I’ve posted Entry #392 to my weekly Valuation-Informed Indexing column at the Value Walk site. It’s called Shiller in 1996: “Long-Run Investors Should Stay Out of the Market for the Next Decade.”
Juicy Excerpt: Shiller states: “Looking at the diagram, it is hard to come away without a feeling that the market is quite likely to decline substantially in value over the succeeding ten years; it appears that long run investors should stay out of the market for the next decade. Is this conclusion right? How can we reconcile it with the widespread public impression that the random walk hypothesis is at least approximately true?”


Thankfully I didn’t take his advice.
I can certainly understand why someone would say that, Evidence. I believe that the vast majority of investors would share your view. Shiller’s prediction did not prove out. That’s an objective fact. At the end of the 10 years, the investor who remained heavily in stocks would be ahead. So the numbers support your view, from one popular way of looking at things.
All that said, my view is that Shiller’s advice was good advice. It all comes down to one thing. When prices go up beyond fair-value levels, are the extra gains the product of economic realities, as the Buy-and-Holders believe? Or are they the product of irrational exuberance, as the Valuation-Informed Indexers believe? If those extra gains are the product of irrational exuberance, they are going to disappear sooner or later. We don’t know when. But we know that they are going to disappear. So the risk of going with a heavy stock allocation at those sorts of prices is sky high. I think Shiller gave good advice in suggesting that investors with high stock allocations lower them.

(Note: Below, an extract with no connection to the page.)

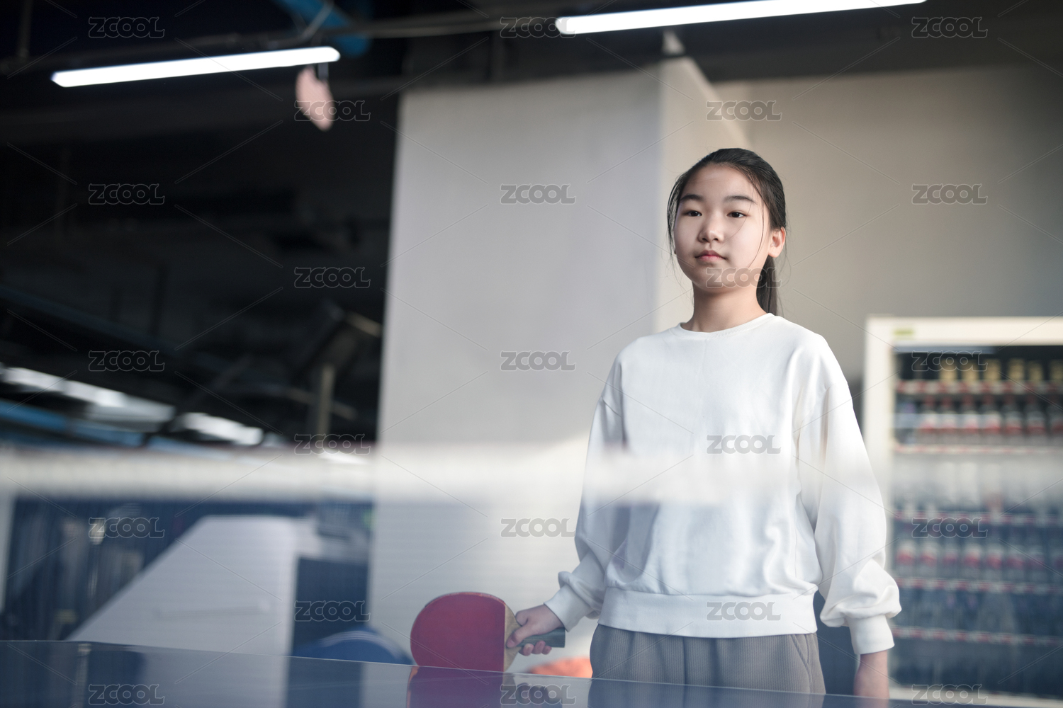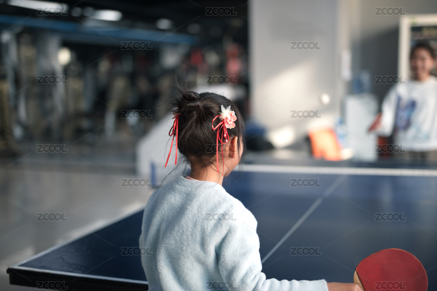 打乒乓球的小姑娘在室內(nèi)

I think you are wrong to say that you are happy that you didn’t take Shiller’s advice. Have you done calculations to see where you will stand if we see a 50 percent price crash, as we will if Shiller’s research is legitimate? You won’t be ahead at that point. So what good will having been in stocks all those years end up having done for you? Even in a case in which Shiller’s prediction ends up failing (which it did), those who ignore it end up behind in the long run. Huh? What the f?
The big deal here, in my assessment, is — What causes overvaluation? If it is true economic gains, Buy-and-Hold is the ideal strategy. If it is irrational exuberance, which is going to disappear in time, you have to consider the risk that you are taking by investing your retirement money in something that could disappear at any moment. I don’t like taking that sort of risk with my retirement money. So I follow Shiller’s advice. Even when he gets the timing wrong, the general point that he is making — that stocks are more risky when prices are high — is so important that the advice pays off in the long run.
That’s my sincere take, in any event.
I naturally wish you all good things.